** What to produce **
An exact copy of the lines from the top of the data through the line with "[ti:くじらの街] |" is what you should give, with no pictures in it.

** Data extract **
BEGIN
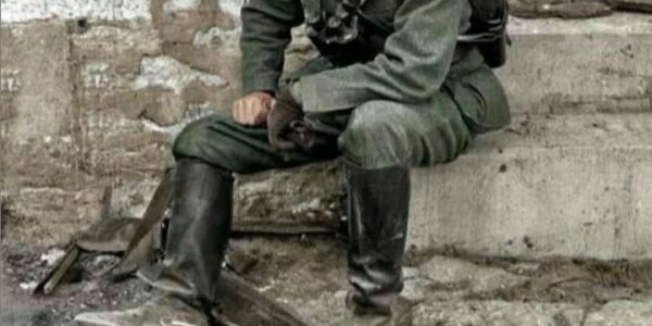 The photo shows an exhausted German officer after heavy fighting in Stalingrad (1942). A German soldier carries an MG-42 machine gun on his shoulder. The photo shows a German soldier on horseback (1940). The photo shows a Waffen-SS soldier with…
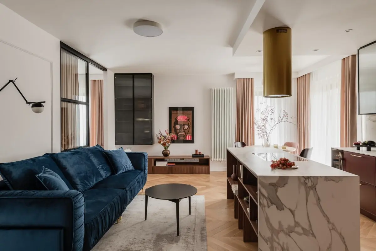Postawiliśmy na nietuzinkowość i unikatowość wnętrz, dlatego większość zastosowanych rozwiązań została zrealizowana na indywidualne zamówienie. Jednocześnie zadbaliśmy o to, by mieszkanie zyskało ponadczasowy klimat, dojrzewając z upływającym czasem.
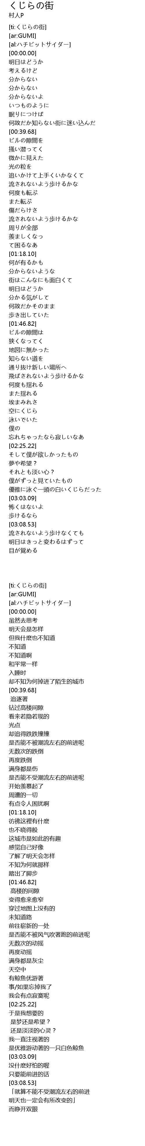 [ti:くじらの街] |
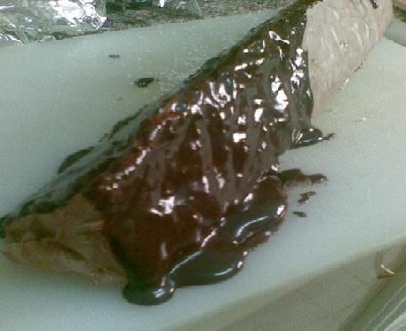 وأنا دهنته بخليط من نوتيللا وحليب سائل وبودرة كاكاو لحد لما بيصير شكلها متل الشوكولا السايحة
END
** Solution for this problem **
 The photo shows an exhausted German officer after heavy fighting in Stalingrad (1942). A German soldier carries an MG-42 machine gun on his shoulder. The photo shows a German soldier on horseback (1940). The photo shows a Waffen-SS soldier with…
Postawiliśmy na nietuzinkowość i unikatowość wnętrz, dlatego większość zastosowanych rozwiązań została zrealizowana na indywidualne zamówienie. Jednocześnie zadbaliśmy o to, by mieszkanie zyskało ponadczasowy klimat, dojrzewając z upływającym czasem.
 [ti:くじらの街] |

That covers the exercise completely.